Дамы плаща и кинжала | Страница: 93

  • Georgia
  • Verdana
  • Tahoma
  • Symbol
  • Arial
16
px

Не везло молодому Александру с женщинами! Одна, от великой любви, предала его, другая — не по той ли же причине? — развязала войну против его родины…

Только в 1856 году, после окончания Крымской войны, закончились мытарства Дарьи Христофоровны, и она смогла вернуться в Париж, поселившись вместе с Гизо (он не покидал ее в скитаниях) все в том же особняке на Сен-Флорентен. Она печально встретила весть о смерти императора Николая и со смешанным чувством — о воцарении своего «принца». Впрочем, и новый государь, и его матушка вполне сумели оценить отчаянные, хотя и тщетные, попытки княгини Ливен образумить прежнего русского императора и обратить его внимание в сторону надвигающейся опасности. Увы, Николай в последние годы жизни стал живым примером крылатого выражения: кого боги хотят погубить, того они лишают разума.
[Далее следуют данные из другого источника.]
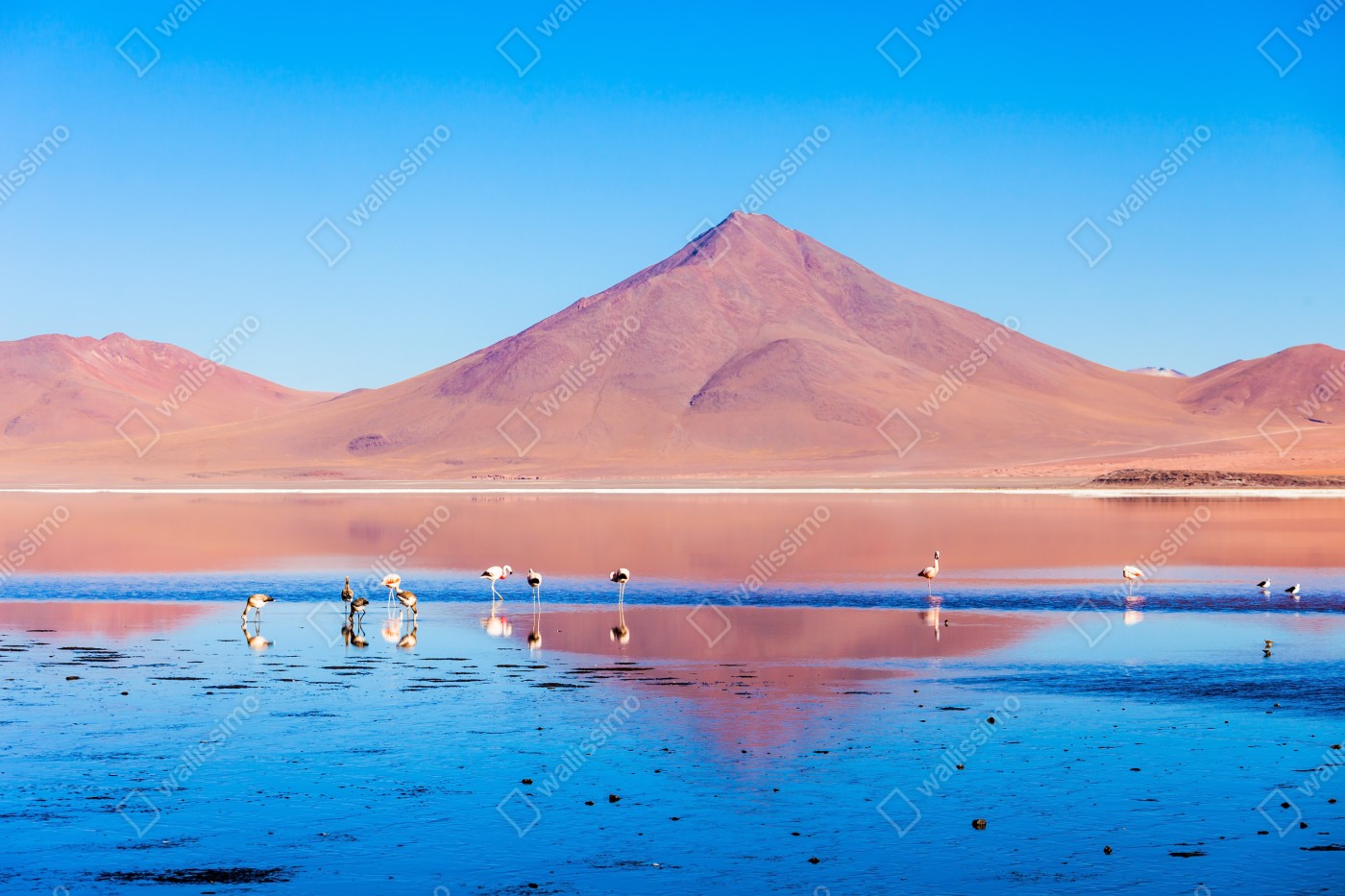 Naklejka na biurko i stół Flamingi nad Laguna Colorada, Boliwia

Как ни странно, именно запоздалая благодарность венценосных особ стала причиной смерти Дарьи Христофоровны. Летом 1856 года вдовствующая императрица Александра Федоровна отправилась в Виртемберг, пригласив туда же княгиню Ливен. Отказаться было невозможно, хотя Дарья Христофоровна была простужена и чувствовала себя неважно.
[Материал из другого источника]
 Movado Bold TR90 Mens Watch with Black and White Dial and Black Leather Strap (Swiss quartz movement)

Во время поездки она простудилась еще сильнее и теперь никак не могла избавиться от изнурительного бронхита. Гизо поднял на ноги лучших врачей Парижа, потом Европы, однако их усилия приносили только временное облегчение. Впрочем, доктора все же помогли Дарье Христофоровне протянуть аж до зимы 1857 года.

И тут дела пошли совсем плохо.

Сначала Дарья Христофоровна тревожилась, засыпала врачей вопросами, но, когда убедилась, что у нее нет спасения, безропотно покорилась своей участи. 15 января утром она еще смогла собственноручно написать приглашение пастору лютеранской церкви, чтобы тот соборовал и причастил ее.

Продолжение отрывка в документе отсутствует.